FPGA Ray Tracer
Scott Bingham / Donald Zhang

| Introduction | High Level Design | Program/Hardware Design | Results | Conclusion | Appendix |

High Level Design

The idea for our project came from Prof. Land's lectures on ray tracing. Ray tracing is very well suited for FPGA's where many calculations can proceed in parallel. Spheres allow quite interesting scenes to be drawn, especially when reflections are added. We found that once we had implemented sphere rendering, adding planes was easier because fewer calculations were needed and we had existing experience and states in place to do the required calculations, reflections, and shadowing.

Ray Tracing
The basic idea of ray tracing is to trace the path of a photon through a scene to the eye. Because we are only concerned with the photons that actually hit the eye, we actually shoot rays out from the eye through the screen into the scene and seeing what objects it hits. The ray picks up color based on the reflectivity as it collides with objects in the scene. Eventually the ray is stopped because it misses objects in the scene or picks up negligible color in subsequent reflections. Shadows are determined by shooting rays from intersection points back towards the light source(s) in the scene and seeing if there is an object in the way to block the light. Shading is also done by weighting light that hits a surface perpendicularly greater than light that merely glances off.


Figure 1

Figure 1 shows an example of a ray tracing through a scene. The initial ray leaves the eye in a direction such that it passes through one of the pixels in the screen. It then collides with the red sphere. A shadow ray is shot towards the light source; since that shadow ray reaches the light source, the intersection point on the red sphere would be lit, and is not shadowed. A reflection ray is then shot towards blue sphere, getting its direction from a specular reflection. Next, a shadow ray is shot to the light source, which again makes it without obstruction and so the blue sphere is lit at the intersection point. Then another reflection ray is shot from the blue sphere intersection point towards the green plane, which it hits. The shadow ray from this point, however, is blocked by the red sphere and so that point on the green plane is in shadow. The reflection ray from the green plane then leaves the scene without hitting another object so the tracing for that pixel is completed. Its color is the sum of the lit red sphere color, the product the red sphere reflectivity and the lit blue sphere color, and the product of red and blue sphere reflectivity's and the shadowed green plane color.

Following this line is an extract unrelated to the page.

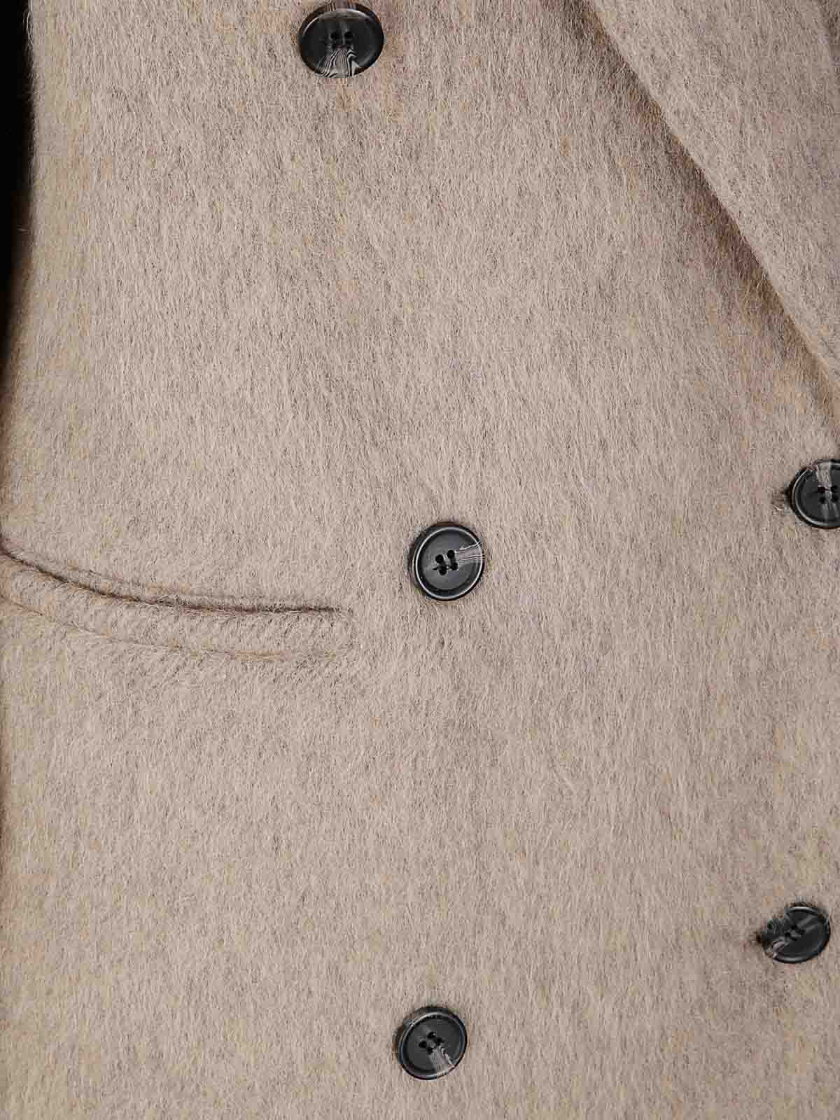 Brushed wool coat, double-breasted closure, front pockets, contrasting buttons.

The tracer would then repeat the process for the next pixel in the scene (or another ray for that pixel if anti-aliasing is used). Since each ray must check for intersections with every object in the scene, the processing time increases significantly with a large number of objects. However, since pixel is independent of each other, they can be processed in parallel if the hardware is available.

Figure2 Figure3

Figure 2 and Figure 3

Figure 2 shows the affects of varying the distance from the eye to the screen on the viewing frustum. While you can see a wider angle and more of the scene with the screen close, the pixel density goes down, which can cause pixels to miss objects they would had previously hit. Also, when the screen is too close to the eye, objects become skewed, where spheres get stretched into ovals as they are farther from the center of the screen. The tradeoff is how much of the scene you see with how much detail you see.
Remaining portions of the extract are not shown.